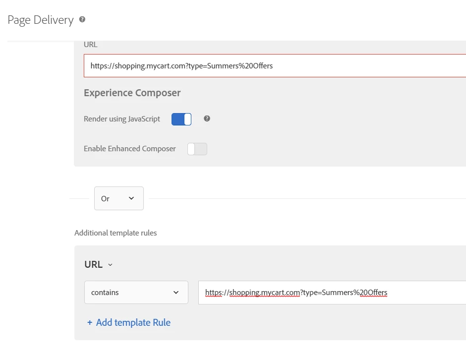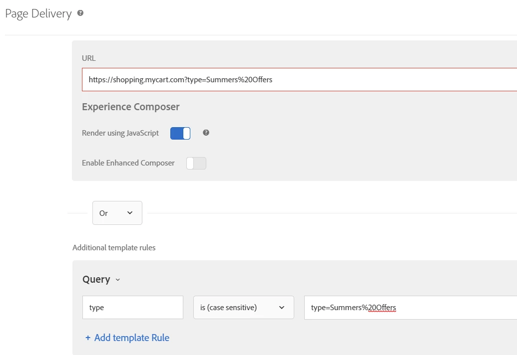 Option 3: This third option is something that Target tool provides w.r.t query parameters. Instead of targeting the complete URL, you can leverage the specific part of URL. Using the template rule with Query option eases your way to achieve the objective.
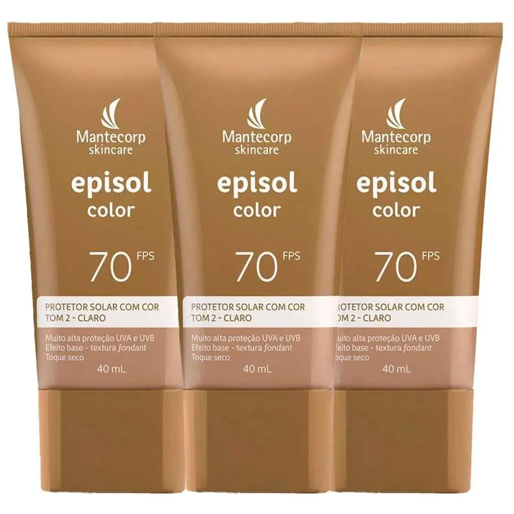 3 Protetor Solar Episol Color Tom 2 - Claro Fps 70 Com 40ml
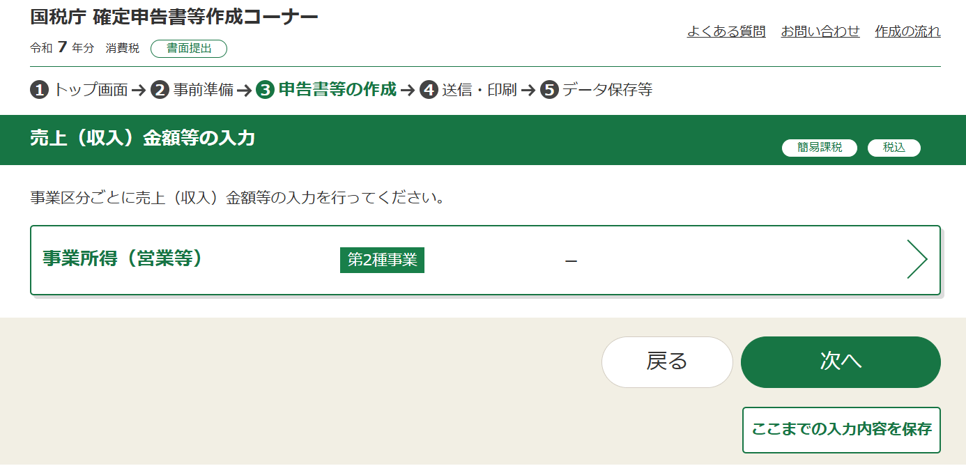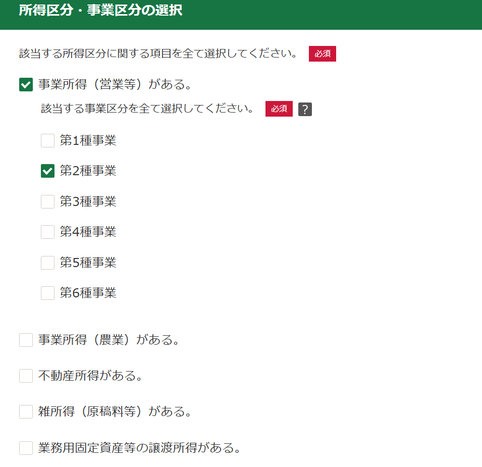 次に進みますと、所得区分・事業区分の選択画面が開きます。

......

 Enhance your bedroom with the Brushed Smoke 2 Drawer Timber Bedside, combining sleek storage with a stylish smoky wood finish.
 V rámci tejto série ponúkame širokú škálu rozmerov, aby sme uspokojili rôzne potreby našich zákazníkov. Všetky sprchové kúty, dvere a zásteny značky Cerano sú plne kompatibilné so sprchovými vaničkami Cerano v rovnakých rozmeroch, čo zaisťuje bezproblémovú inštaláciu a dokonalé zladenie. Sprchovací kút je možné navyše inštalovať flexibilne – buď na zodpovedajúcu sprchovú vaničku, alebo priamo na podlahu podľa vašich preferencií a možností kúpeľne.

......

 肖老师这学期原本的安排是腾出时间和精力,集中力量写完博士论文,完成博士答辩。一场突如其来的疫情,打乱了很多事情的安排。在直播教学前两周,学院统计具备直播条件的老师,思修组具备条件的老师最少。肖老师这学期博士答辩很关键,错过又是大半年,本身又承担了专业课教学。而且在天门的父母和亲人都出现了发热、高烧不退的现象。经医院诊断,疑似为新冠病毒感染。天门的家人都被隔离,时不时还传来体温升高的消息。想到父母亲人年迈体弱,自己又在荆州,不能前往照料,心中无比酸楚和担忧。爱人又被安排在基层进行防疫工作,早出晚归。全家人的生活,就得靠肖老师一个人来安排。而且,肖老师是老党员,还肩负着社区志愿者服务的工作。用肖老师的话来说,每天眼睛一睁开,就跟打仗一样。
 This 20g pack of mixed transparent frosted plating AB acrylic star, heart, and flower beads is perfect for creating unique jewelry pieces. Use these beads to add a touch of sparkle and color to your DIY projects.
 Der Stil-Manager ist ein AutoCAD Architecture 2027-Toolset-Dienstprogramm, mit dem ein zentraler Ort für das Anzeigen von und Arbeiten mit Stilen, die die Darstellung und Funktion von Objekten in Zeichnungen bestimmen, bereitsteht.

......

▶ Task:
Find where the line with "3 Protetor Solar" sits in the material above and where the line with "次に進みますと、所得区分・事業区分の選択画面が開きます。" sits. Set down exactly the lines from the first to the second, both included and nothing else, without pictures.

▶ Final answer:
 3 Protetor Solar Episol Color Tom 2 - Claro Fps 70 Com 40ml
 次に進みますと、所得区分・事業区分の選択画面が開きます。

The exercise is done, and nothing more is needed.